= Cornelia van Duijn =

Dutch epidemiologist

Cornelia Marja van Duijn is a Dutch epidemiologist. She is a Professor of Epidemiology at Nuffield Department of Population Health and a Fellow of St Cross College, Oxford. In 2020 she was elected a Fellow of the Academy of Medical Sciences.

==Education==
Cornelia van Duijn studied for a master of science in human nutrition and mathematical statistics at the Agricultural University of Wageningen, and earned her doctorate in genetics and epidemiology at Erasmus University Medical School in 1992.

== Research ==
She is Professor of Genetic Epidemiology at the Erasmus University Medical School Rotterdam in the Netherlands. She is also Professor of Epidemiology at Nuffield Department of Population Health, and part of the Oxford Big Data Institute. Her research interests are in interactions between genes, and between genes and the environment. van Duijn leads or is part of a number of large epidemiological studies. With Masud Husain, she co-leads Dementia Research Oxford, a consortium aimed at identifying treatments and prevention for dementia. She is also involved in international consortia such as CHARGE (Cohorts for Heart & Aging Research in Genome Epidemiology), IGAP (International Genetics of Alzheimer Disease Project (IGAP) and EADB (European Alzheimer Disease Biobank).
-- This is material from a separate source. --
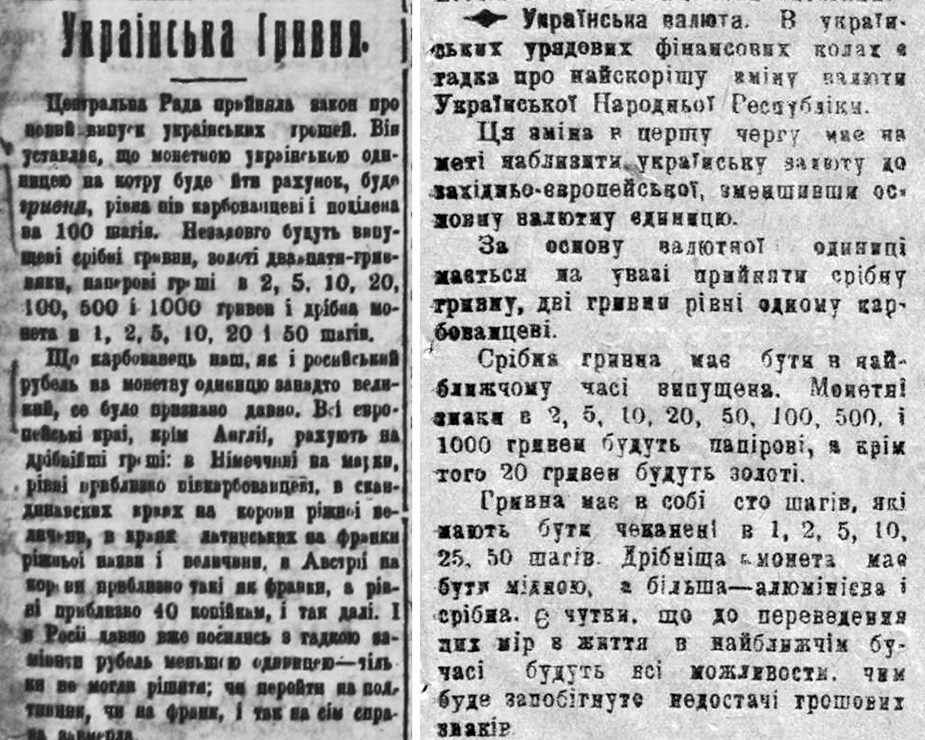 Так модерний календар і нова національна валюта прийшли до українців одночасно із визволенням Києва — у перший день весни 1918 року. Обидві реформи покликані були сприяти інтеграції України до спільноти європейських держав і мали далекосяжні наслідки — сьогодні у вільній Україні ми лічимо дні за григоріанським календарем і розраховуємось гривнею як офіційною державною валютою.

Van Duijn is on the steering committee of the Oxford British Heart Foundation (BHF) Center of Excellence. In November 2024 van Duijn was announced as the new research director of Brain Health, a consortium which aims “to lead a UK-wide data and infrastructure approach dedicated to brain health research”.

In June 2020 she became a Fellow of the Academy of Medical Sciences. She is a member of the Royal Netherlands Academy of Arts and Sciences (KNAW).